Пара, в которой трое
Шрифт:
У меня во сне и выезды получались шикарные, приземлялся я мягко, с проездом. Иногда во сне и тройные прыгал. Но это во сне, а наяву имел аксель одинарный и почти научился прыгать флип. Это к четырнадцати-то годам. Но однажды в Саратове, прыгнув флип, я приземлился на прямые ноги… и сразу в голове промелькнула история с детской травмой. Я ездил с родителями на дачу и как-то на остановке, по-моему, в городе Покрове, побежал к колонке. Жарко, пить хочется. Колонку отчего-то водрузили на постамент, а сзади нее – частокол. Хватаюсь за ручку, она остается у меня в ладони, и я лечу прямо на колья. Свалился я удачно: колья разошлись, но какой-то диск в позвоночнике, наверное, чуть-чуть сместился. И когда я приземлился с прыжка на обе ноги, сразу схватило спину…

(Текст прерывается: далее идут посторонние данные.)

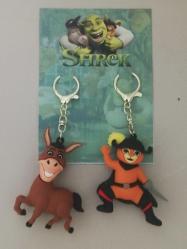 Shrek filminin karakterlerinden eşek çizmeli kedi nin büyük boy figür anahtarlık ları 2 li Sıfır set koleksiyon dekor hediye nostalji tasarım süs hobi eğlence vintage aksesuar promosyon reklam Hediyelik dekorluk oyuncak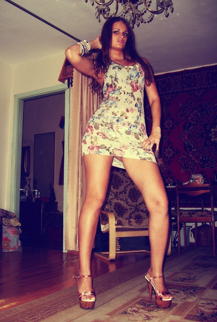 Что под платьем у этой милой и красивой девушки? Чтобы дать точный ответ нужно посмотреть, но подойти вряд ли кто осмелится, потому что сразу же получит по голове. Платье у нее с цветочками и сделано из мягкой приятной ткани.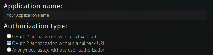 You need to choose a name for your application (e.g. My Forum), and select OAuth 2 authorization without a callback URL (as shown below).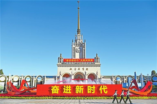 金秋时节的北京,碧空如洗,北京展览馆门前,红色波浪形雕塑和巨型喷泉,把“奋进新时代”五个大字衬托得庄重夺目。
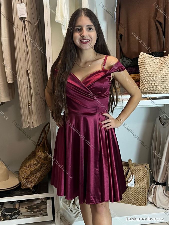 ZBOŽÍ (21607) > Šaty společenské saténové carmen dámské (S/M ONE SIZE) ITALSKá MóDA IMHMS23087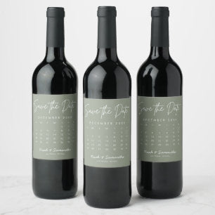Sage Green Save the Date Calendar Minimalist Wine Label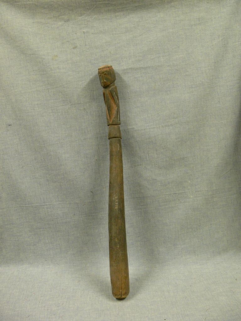 Fából faragott, barna, enyhén hajlott tárgy. Alsó vége felé megvastagodik, felső végén, fogóján emberalak törzse feje és karjai vannak kifaragva. A fogórész helyenként vörössel színezett.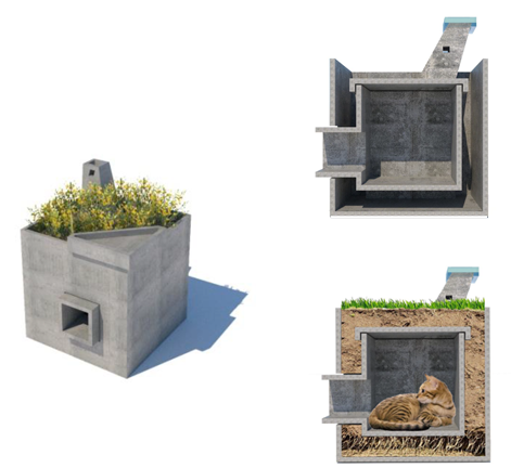 喵坞最初来自于“猫宅计划——流浪猫窝设计征集”活动。整体采用中国建材总院研发的水泥基材料打印建造而成,创新性地对喵坞的整体结构进行了配筋,使打印的喵坞结实耐用,抗开裂能力强,具有很好的韧性,实现了水泥基材料与钢筋的完美结合,是当前最新3D打印科技、特种新材料和兼容并包文化的有机结合体。
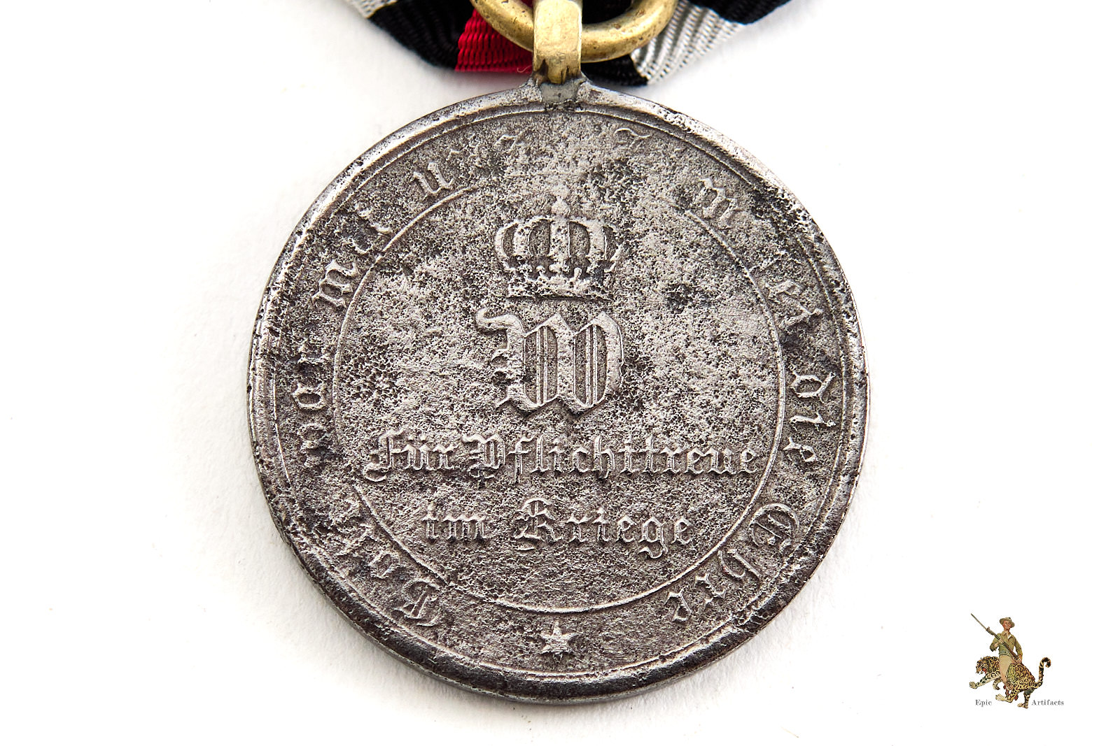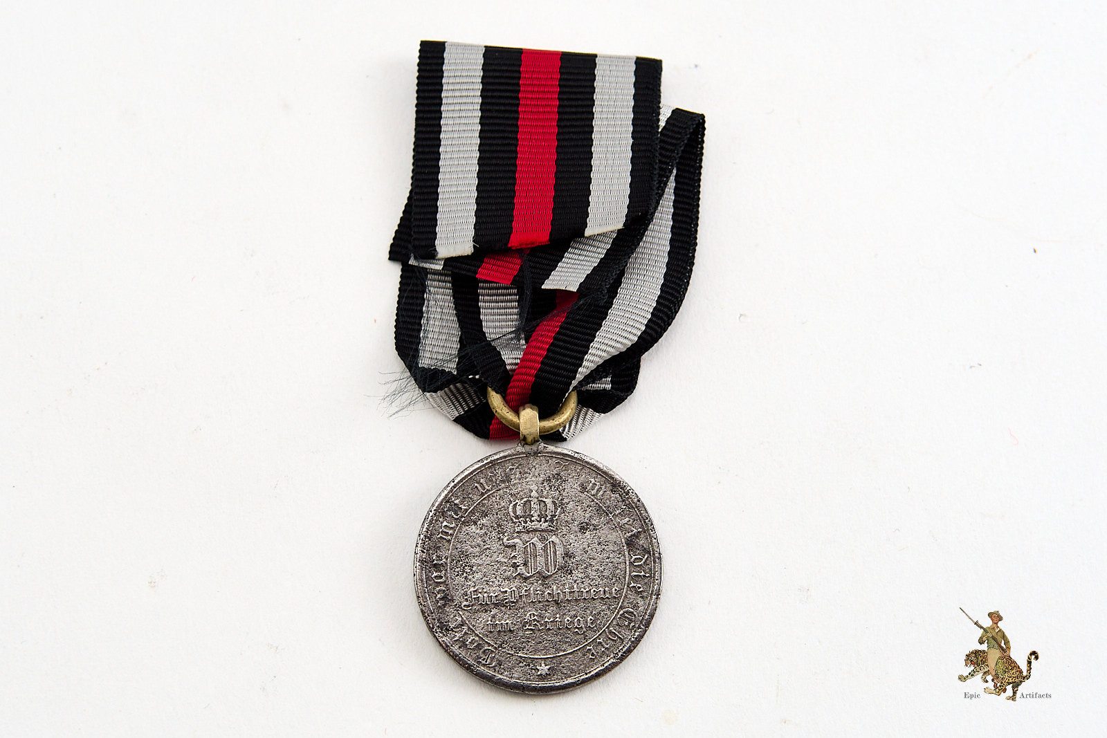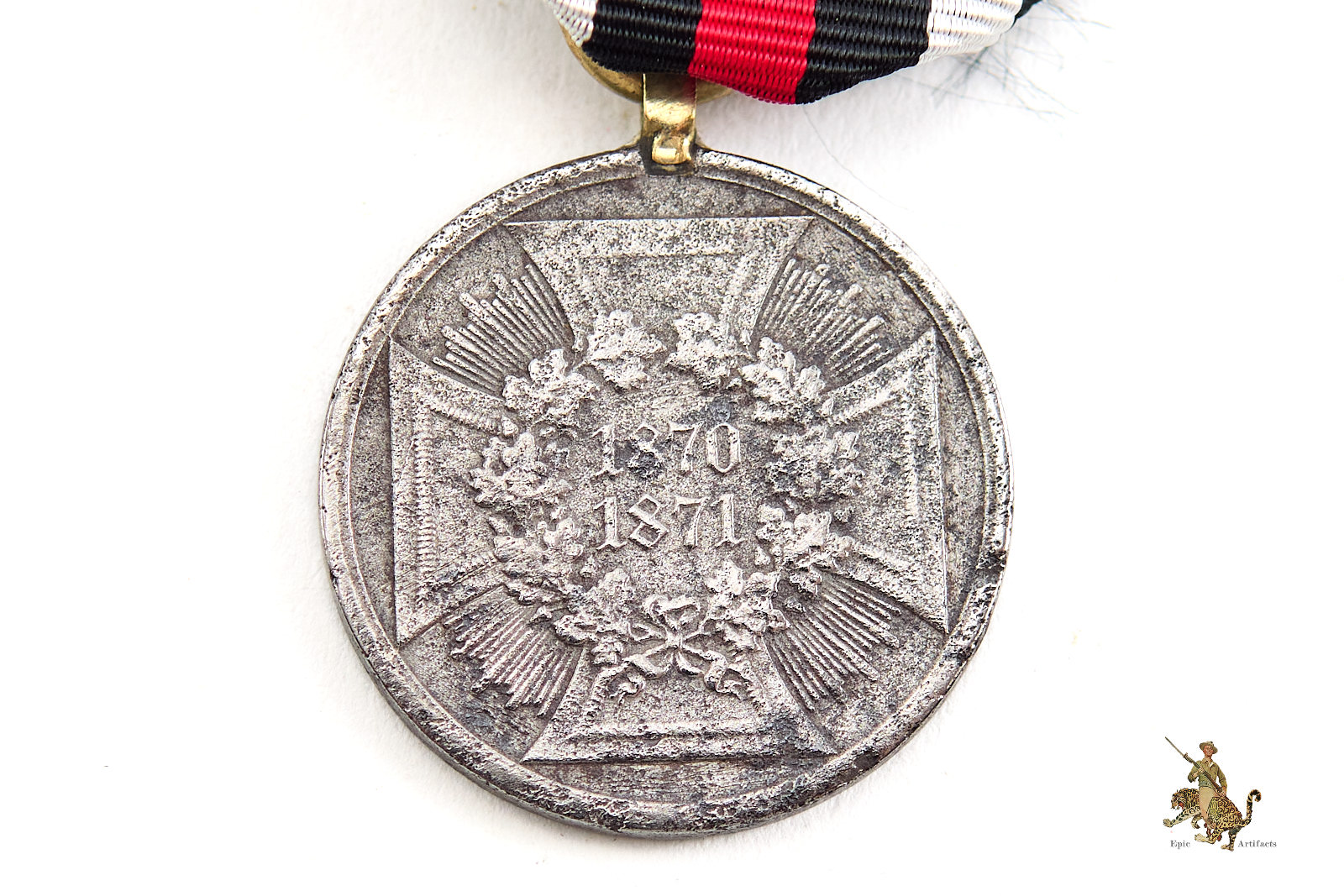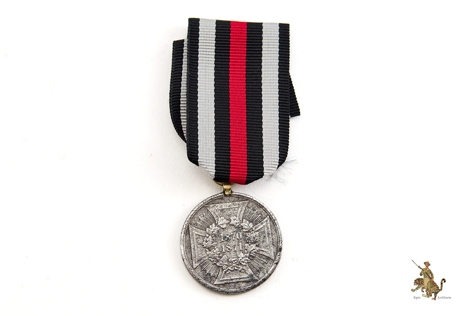 Accompanied by approximately 6 inches of original ribbon, neatly preserved, the piece displays minimal handling wear and retains strong visual presence. A well-preserved and historically resonant example of the Franco Prussian War 1870–1871 Medal, representative of the conflict that reshaped the political landscape of late 19th-century Europe.

Спустя год мы попали с Ольгой в «Локомотив»,
Мы с Ольгой много выступали. Тогда в программу входило двенадцать обязательных танцев, позже их стало всего шесть. Не оформилась еще у нас своя танцевальная школа, позже признанная в мире. Только-только Пахомова и Горшков завоевали первый высший титул. Получить хоть какую-то информацию о танцах казалось делом огромной сложности. У той же Пахомовой все переписывали музыку обязательных танцев, можно себе представить, как она звучала на двадцатой копии. Японские магнитофоны тоже можно было пересчитать по пальцам. У нас не сходила с рук книжка англичанки Джоан Кей «Ключ к спортивным танцам на льду», по ней все и изучали основные элементы: правая вперед, внутрь, на три счета. Со временем все перестали к ней обращаться, и лишь старейший арбитр Михаил Гуревич знал точно, в каком из шагов танцоры выдержали нужное количество тактов. Учась по книжке, мы запомнили на всю жизнь каждую из позиций. Если бы я стал тренером, я бы ввел именно эту систему обучения. Дети должны знать, какой шаг они выполняют, на какой счет они должны его делать и на каком ребре. Сейчас обязательные танцы дают десять процентов от всей оценки, может быть, их вообще отменят, но их знание – культура танца, и никуда от этого не денешься.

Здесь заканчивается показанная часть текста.